Syaikh Abubakar al-Hamadzani mengatakan kepada Syaikh ‘Abdullah al-Bulyani: “Selamat datang wahai engkau yang sangat menyenangkan. Ke marilah dan duduklah di atas sajadahku. Dan jagalah kondisi rohanimu. Oke, yang maksud dengan tidak larinya Syaikh Husin bin Manshur al-Hallaj termasuk kekurangan, dalilnya apa?”
Syaikh ‘Abdullah al-Bulyani menjawab: “Orang yang mengaku sanggup menaiki kuda sebagaimana semestinya, kemudian dia naik, lalu tidak sanggup menggerakkannya, bahkan dia lari darinya, apakah orang itu sanggup untuk menaiki kuda?” Tentu saja orang itu tidak sanggup untuk menaiki kuda.
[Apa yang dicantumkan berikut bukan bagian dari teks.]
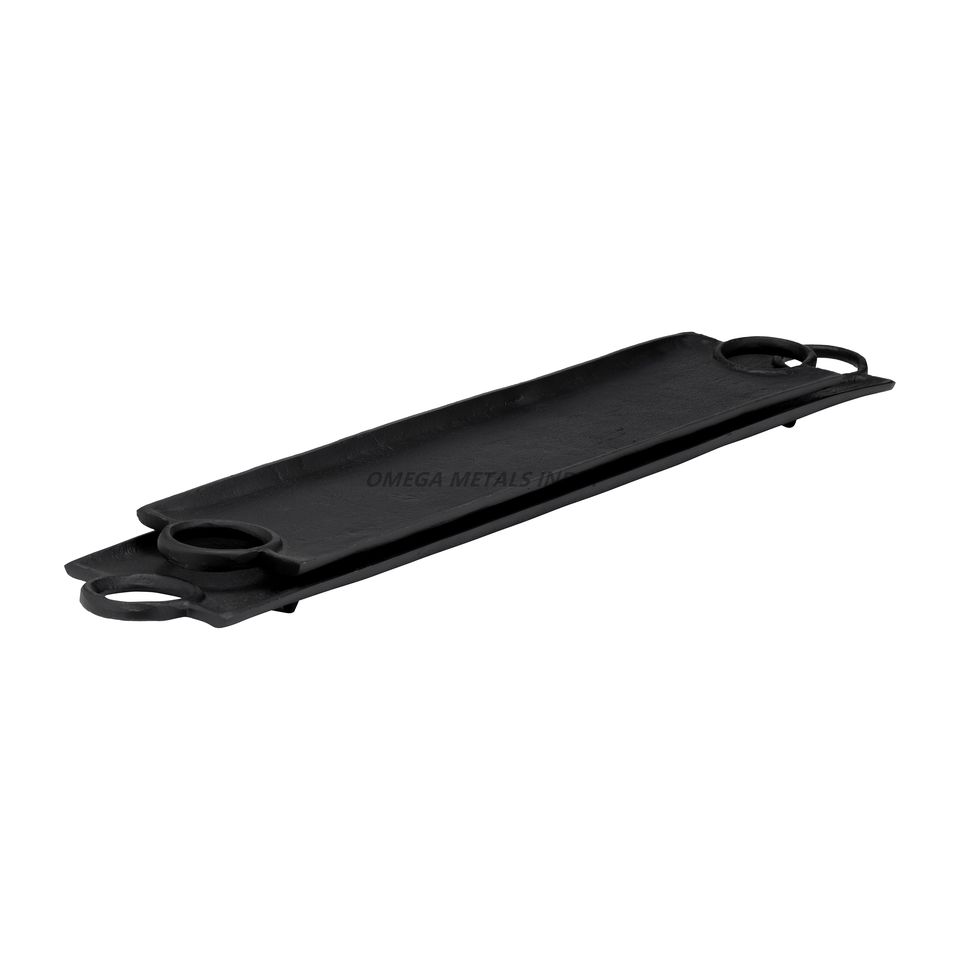 ถาดเสิร์ฟสุดหรูสีเงินมันวาวรูปทรงสี่เหลี่ยมผืนผ้าและด้ามจับที่หรูหราเหมาะสำหรับเสิร์ฟเครื่องดื่มและของว่าง

Syaikh Abubakar al-Hamadzani menanggapi kenyataan itu: “Engkau benar. Orang yang tidak sanggup menggerakkan tali kekang kuda, sungguh itu merupakan kekurangan di dalam menaiki kuda. Dan engkau benar. Tidaklah aku melihat orang yang sepertimu di dalam kecerdasan, kecuali engkau pasti mengalahkannya.”
Apa pendapatmu tentang dilempar dengan tongkat dan tidak bergerak? Bukankah hal itu merupakan tindakan kebodohan? Kalau memang hal itu merupakan tindakan kebodohan, kenapa Syaikh Husin bin Manshur al-Hallaj diam saja ketika beliau mau dieksekusi? Kenapa beliau kok tidak menyelamatkan diri?
Saya kira berbeda antara apa yang dilakukan oleh Syaikh ‘Abdullah al-Bulyani dengan apa yang dialami oleh Syaikh Husin bin Manshur al-Hallaj. Syaikh ‘Abdullah al-Bulyani berada di dalam kecerdasan, bahkan kecerdasan beliau melebihi kecerdasan umat di masanya. Sementara Syaikh Husin bin Manshur al-Hallaj berada dalam kemabukan pada Allah Ta’ala.
Sedangkan dia yang berada dalam kemabukan cinta kepada hadiratNya tidak akan peduli pada apa pun. Termasuk terhadap taring-taring kematian sekali pun, apalagi cuma pedang, kelewang, celurit dan lain sebagainya. Semua itu terlampau kecil di hadapan orang yang mabuk rindu kepada Allah Ta’ala. Wallahu a’lamu bish-shawab.